The unseen, listening audience
We waved a cheery goodnight to the audience and the camera and stepped off stage to go into the bar downstairs. Before that, to say a last bye to my time-sharer at the festival, I headed to the third floor, where the BIC office is and met Lekha, Raghu and Ravi, the wonderful team who was the hands behind the camera, making sure all us could entertain the attendees without any faux pas like glitches, frozen screens, or author-mutism. I hugged them all from a distance and clicked this photograph.
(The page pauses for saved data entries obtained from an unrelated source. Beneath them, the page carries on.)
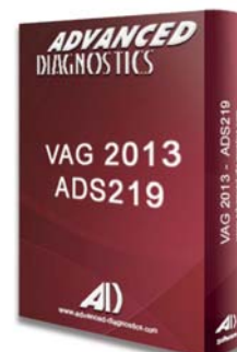
VAG® 2013 ADS219 - D745345AD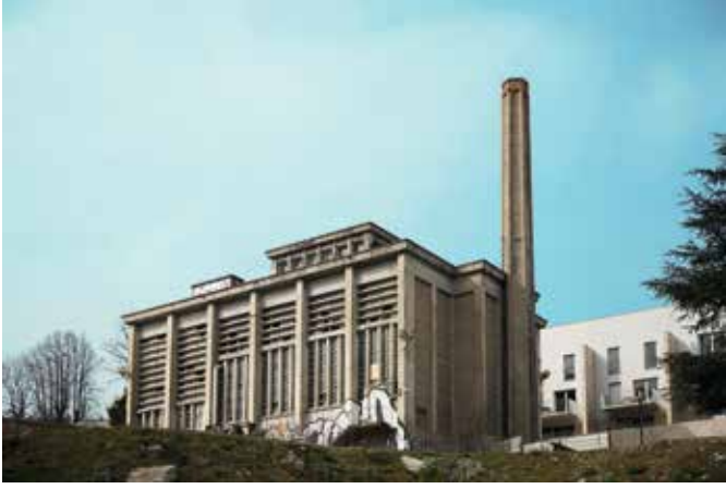
LA CHAUFFERIE DE LANTOUAILLE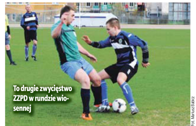
To drugie zwycięstwo ZZPD w rundzie wiosennej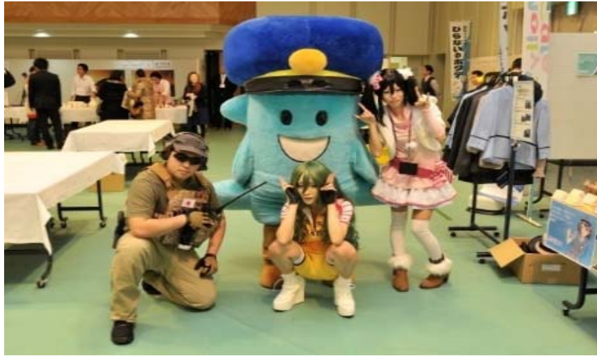
青い森鉄道ブースの前で「モーリー君」と記念撮影するコスプレイヤーたち

Because, as in the hybrid event, this part, that happens in the background is important. Our lives are populated by the machines, the phones, the cameras, the audio-listening devices and soon the drones and bots. We’re living the science fiction dream, yo. Hybrid events are here to stay as both the virtual and real attendees become important.
Hybrid’s here to stay, but meeting pals is fun
It was marvellous. The crowds were limited as most people could attend online. The fact that I was attending a festival in Bangalore after such a long time, the fact that I met all my wonderful friends (all duly masked, except for the brief moment we took the photograph below) and the fact that 2020 so comfortably has made us slide into hybridity.
Beginning of 2021, I’m launching a new book and I’m already planning both physical events and hybrid ones. Will keep you posted on that one folks. Till then, happy virtual lives.